Politics and Therapy go hand in hand. Controversial hook line, stay with me…
This week the headline hit “Alabama Rules Frozen Embryos Are Children, Raising Questions About Fertility Care”. As a Texas Therapist, you may wonder why headlines like this impact my therapy sessions, and clients.
Who is Impacted
Currently, there are 1:6 couples (data is measured in the heterosexual couple population) in the Global World Health Report from the WHO. This number may be familiar to you as 1:8 but the current data reflects an uptick. Individuals and families are faced with ethical, financial, emotional, spiritual, and sexual health decisions in family building. In therapy, we work together to navigate the exploration of how these issues impact individuals and couples and explore how to make decisions with confidence in family building.
Why I Care & Frankly Think You Should Too
There are long-term consequences of these legislative decisions and we as fertility care providers are all aware that one ruling like this causes other states to take note. This ruling will increase the liability and accessibility for IVF clinics which will impact the 1:6 couples I referenced earlier. When a person faces infertility they make choices each day, each cycle, and each transfer carefully. Each choice in the process is delicately balanced through the lens of risk and hope. To add in the new definition of risk with this legislation adds a new dimension of legal risk and recourse for individuals with infertility as well as infertility providers and clinics.
Statement from The American Society of Reproductive Medicine
On February 18, 2024 The American Society of Reproductive Medicine released a statement by Dr. Paula Amato, President of ASRM called this ruling “medically and scientifically unfounded” and shared their stance on the impact.

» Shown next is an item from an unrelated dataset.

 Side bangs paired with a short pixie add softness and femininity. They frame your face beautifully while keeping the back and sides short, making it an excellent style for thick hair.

Dr. Amato shared that “If the policy outcomes mandated under this decision stand, the consequences will be profound. Modern fertility care will be unavailable to the people of Alabama, needlessly blocking them from building the families they want. The choice to build a family is a fundamental right for all Americans, regardless of where they live. We cannot, therefore, allow this dangerous precedent of judicial overreach with national implications to go unchecked.”

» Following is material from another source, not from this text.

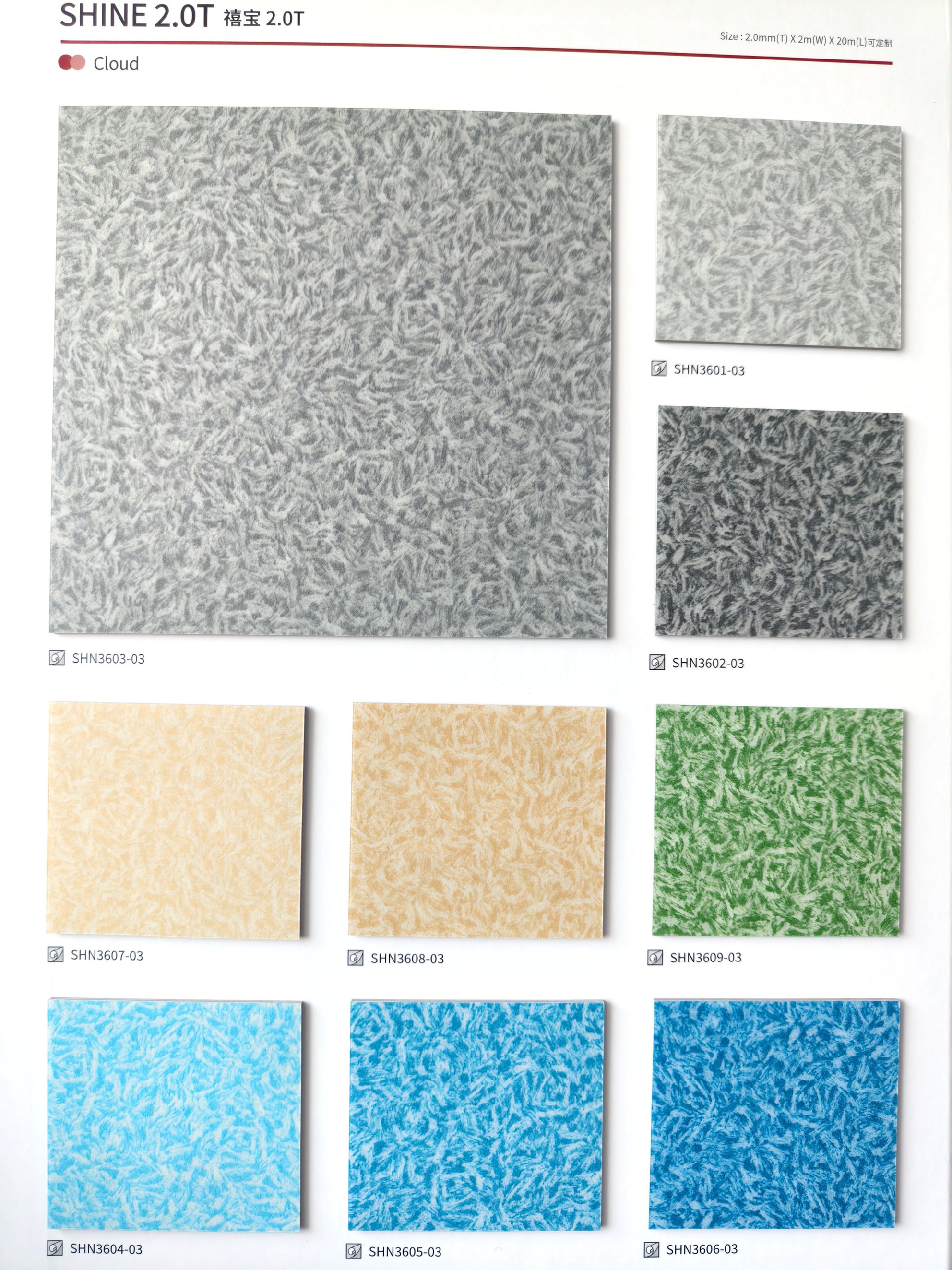 厚度为2.0mm,规格为2m×20m,材质为PVC。

As a Therapist I Care About:
Client Advocacy: how do state and national legislation support and improve access to all family-building options?
Access to Care: Who and where are providers that provide care to individuals or couples with fertility-related challenges? How do we support the work they are doing and ensure they can keep serving in the fertility community? What happens in Alabama for families who aren’t able to access care across state lines? How does the financial impact of fertility care discriminate and impact access to care? What are the struggles with gaps in insurance coverage for treatment?
Support and Community: Therapy allows individuals and couples struggling with infertility to process the impact of fertility care dimensionally in a safe and confidential space. Clients should be aware of all family-building options available and understand the short-term and long-term consent in each step of their process.
Education: Therapy allows individuals to process feelings about family-building options and process where they may need to expand accessibility to evidence-based information about fertility and family building.
Authors Note: The beliefs shared in this blog are mine (Emily Morehead) and are informed from a space of evidence-based best practice training from The American Society of Reproductive Medicine and the University of Michigan’s Sexual Health Certificate Program. I write to you today an individual who was 1:6. I am a parent to a child who was conceived through reproductive assistance. I serve in this community as a therapist and exist in this community as an individual who proudly built their family through reproductive assistance.